# Checking the Soviets: The Strange Case of the Spring Constants

Now that we have established the basic parameters, we need to move on to the spring constant calculations. Here we run into some things that frankly don’t make a lot of sense, perhaps the reader can help to resolve the dilemmas. The original calculations are here.

Let’s start by looking again at the basic impact-vibration hammer above. All of these variants suspend the impacting mass with springs, making a single degree of freedom vibrating system. The natural frequency of this system is thus: $\omega_{{1}}=\sqrt {{\frac {k}{M_{{1}}}}}$ (1)

Solving for the spring constant, $k={\omega_{{1}}}^{2}M_{{1}}$ (2)

Since we computed earlier that ω1 = 27.24 rad/sec and M1 = 650 kg, the spring constant is k = 482,479.7236 N/m.

The spring constant is divided between the upper and lower springs (3), as shown for this machine below.

The procedure then tells us that the spring constant of the upper springs needs to be computed first because “The upper springs are necessary to provide positive gaps, so their stiffness should be minimal to provide undisplaced operation the springs in the whole range of gap adjustment.” This is another way of saying that the springs shouldn’t compress flat during operation, and probably shouldn’t go into tension as well since they’re designed for compression.

They then tell us that the upper spring constant is computed by the equation (using our notation) $k_{{u}}={\frac {ka+M_{{1}}{\it g_c}}{A}}$ (3)

where ku is the upper spring constant, a is the half-amplitude of the system, gc is the gravitational constant, and A is another constant defined as follows: ${\frac {\alpha\,F}{M_{{1}}{\omega_{{3}}}^{2}}}$ (4)

where F is the dynamic force.

Noting that $F = K{\omega_{{3}}}^{2}$ (5)

where K is the eccentric moment (we discussed this in an earlier post) and $a_0 = \frac{K}{M}$ (6)

where a0 is the theoretical half-amplitude, the spring constant equation becomes $k_{{u}}={\frac {ka+M_{{1}}{\it gc}}{\alpha\,a_{{0}}}}$ (7)

We have two amplitudes here: a0, which is the theoretical, “free-hanging” amplitude of the system, and a, which is modified by the frequency ratio i as follows: $a=a_{{0}}\left (1-1/4\,{i}^{-2}\right )^{-1}$ (8)

From Equation (6) a0 = 0.00755 m, and from Equation (8) a = 0.00805 m.
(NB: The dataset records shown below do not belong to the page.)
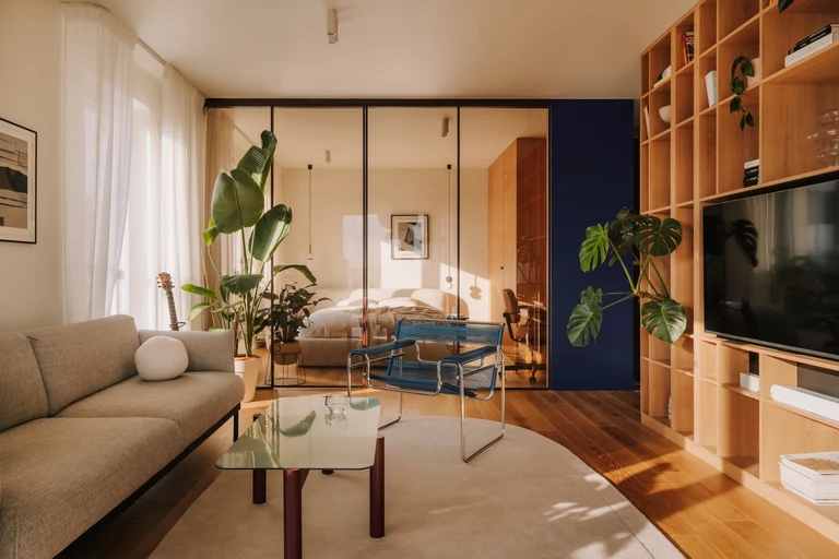 Stojący w środku salon regał zasłania wejście do łazienki, nadając tej przestrzeni prywatność. Sypialnię umiejscowiono za szklaną ścianą z bordowymi drzwiami przesuwnymi, otwierającymi się na salon. Zastosowanie szkła o lekko brązowym zabarwieniu doświetliło zarówno część dzienną, jak i miejsce odpoczynku.
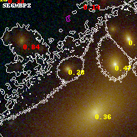Black segments are analyzed here. Roll mouse over color images to view segments. Best viewed in a wide browser window (1200 pixels or more). Download SED & P(z) plots to view larger versions.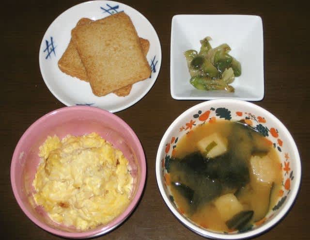 朝食:昨日の雑炊、搾菜、平天、味噌汁

At this point we’re left with α, which is described as the “number of vibrations of the ram” (?) and the “…coefficient which depends upon i and R’. Hammer coefficient of velocity recovery may be increased up to R’ = 0.2. In this case α = 7.1.” How they came up with this is unclear. If we assume this amplification factor to be true, and substituting that and everything else into Equation (7), we have ku = 191,439 N/m.

At this point we have a potentially more serious problem: in order to obtain the lower spring constant kl, ku is subtracted from k. Inspection of the diagram above will show that the springs are in fact in series, thus the relationships between the constants is $k=\left ({k_{{u}}}^{-1}+{k_{{l}}}^{-1}\right )^{-1}$ (9)

Substituting yields kl = -317,362 N/m, which is close to the solution given but opposite sign. One way of justifying the sign is by noting that the lower spring acts oppositely from its upper counterpart. In any case somehow they have managed to “land on all fours” with this calculation but it is not clear how this happened.

As far as the calculations for the springs themselves are concerned, they used a handbook for this purpose. The reader is referred to our post Analysis of Springs with Circular Cross Section to discuss the method described by Russian engineer Belyaev.